By 1924, Chrysler had snapped up the weakened Maxwell and Chalmers concern and launched a new car under his own name. Although few would have guessed it at the time, the third of America's "Big Three" auto manufacturers had arrived.

With the help of three talented engineers - Carl Breer, Fred M. Zeder, and Owen R. Skelton - the new car would take full advantage of wartime developments in high-compression engine design.
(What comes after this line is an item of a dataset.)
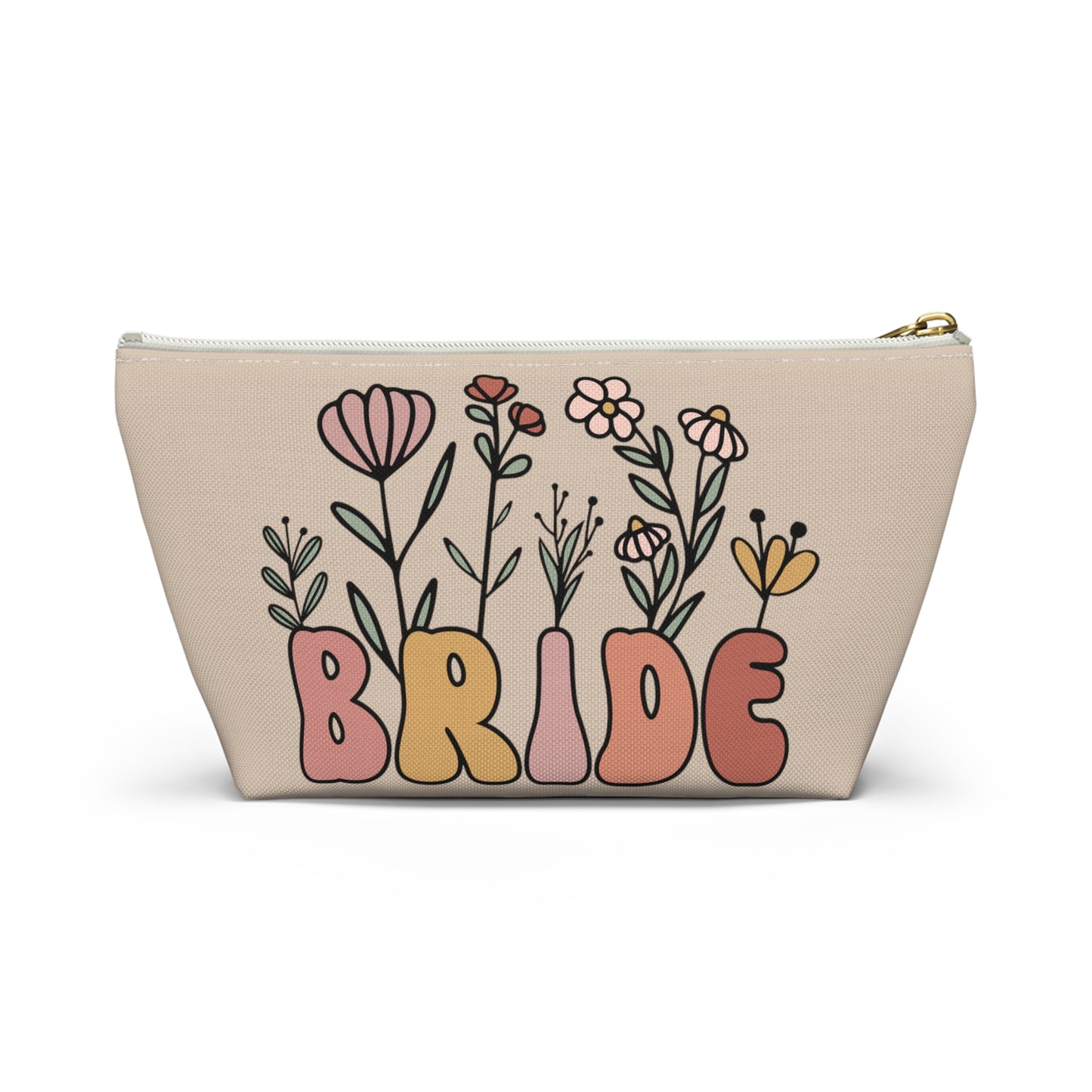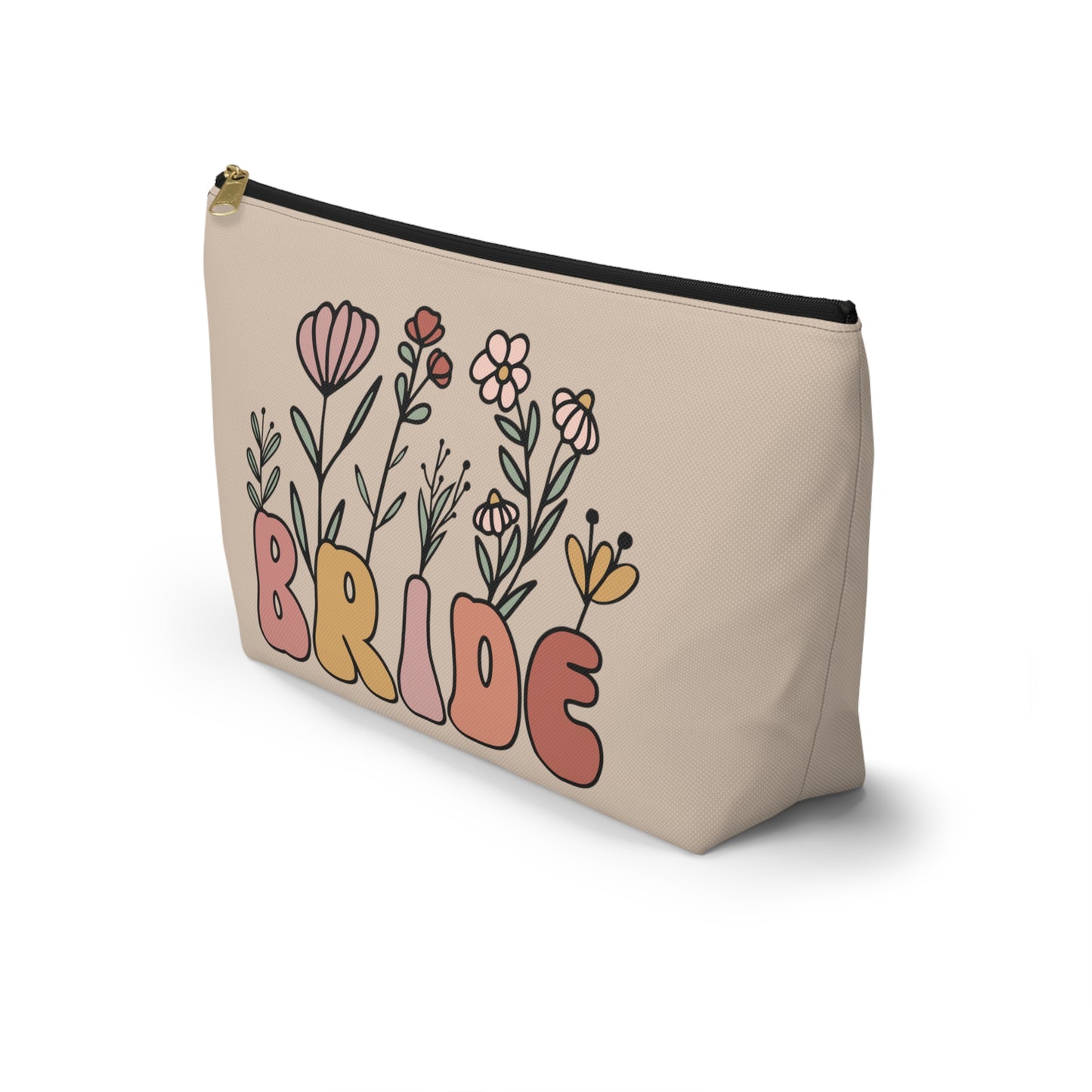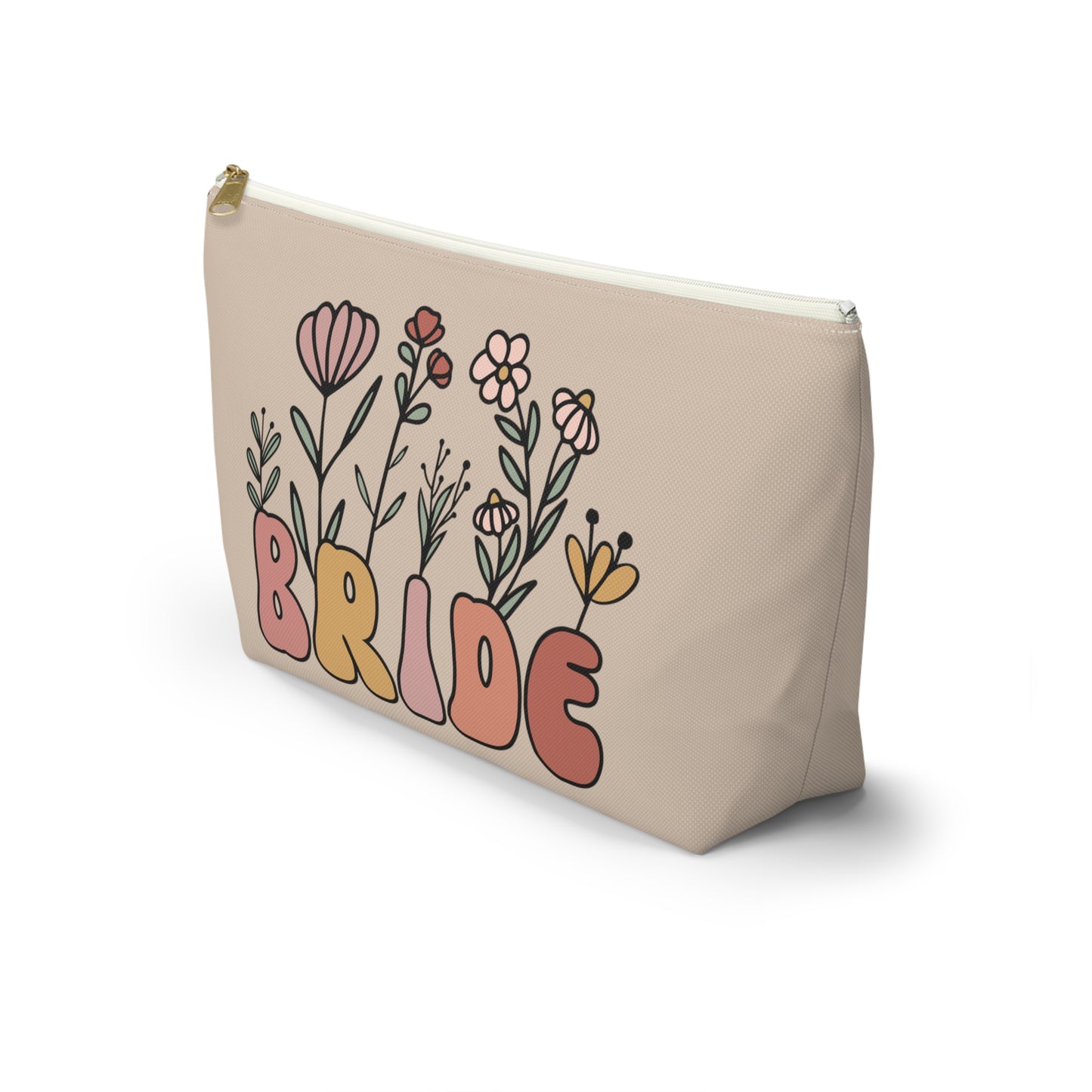 This Retro Boho Bride Floral Print Design pouch is great for to carry around or use for a first aid kit, make-up, medicine bag, pencil pouch, etc.... Our t-bottom pouches vary from small to large and can be used for pretty much anything. They make excellent pencil cases and cosmetic travel bags. They are constructed from a durable material with a zipper closure. Bride Gift!

Zeder had already roughed-out a plan for a six-cylinder unit with a high-compression cylinder head based closely on the ideas of British engineer Harry Ricardo. This 70 bhp unit was developed to power the Chrysler Six, and although marked under the Maxwell banner it was the car that would set Chrysler on the road to success.

Dodge

John Francis and Horace Elsin - the Dodge brothers - left their birth-place of Niles, Michigan, in the early 1880s with the express intention of becoming engineers. They survived by working in the machine shops of Detroit and Windsor (in Canada), where they gained valuable experience.

In 1899, the brothers helped form the Evans and Dodge Bicycle Company in Windsor. Their first product was a four-point bearing bicycle of their own design. Small but significant success led to a take-over from a Canadian group, and the brothers moved back to Detroit where they established some of the best machine shops in town. They were soon churning out components for the fledgling automobile industry.

Today, Dodge is one of Chrysler's most successful divisions, and one of America's most exciting marques, but it still adheres to the principles of its founders: honest engineering, and high value for money. And with cars like the Viper RT/10 bearing its name, the future looks rosy indeed.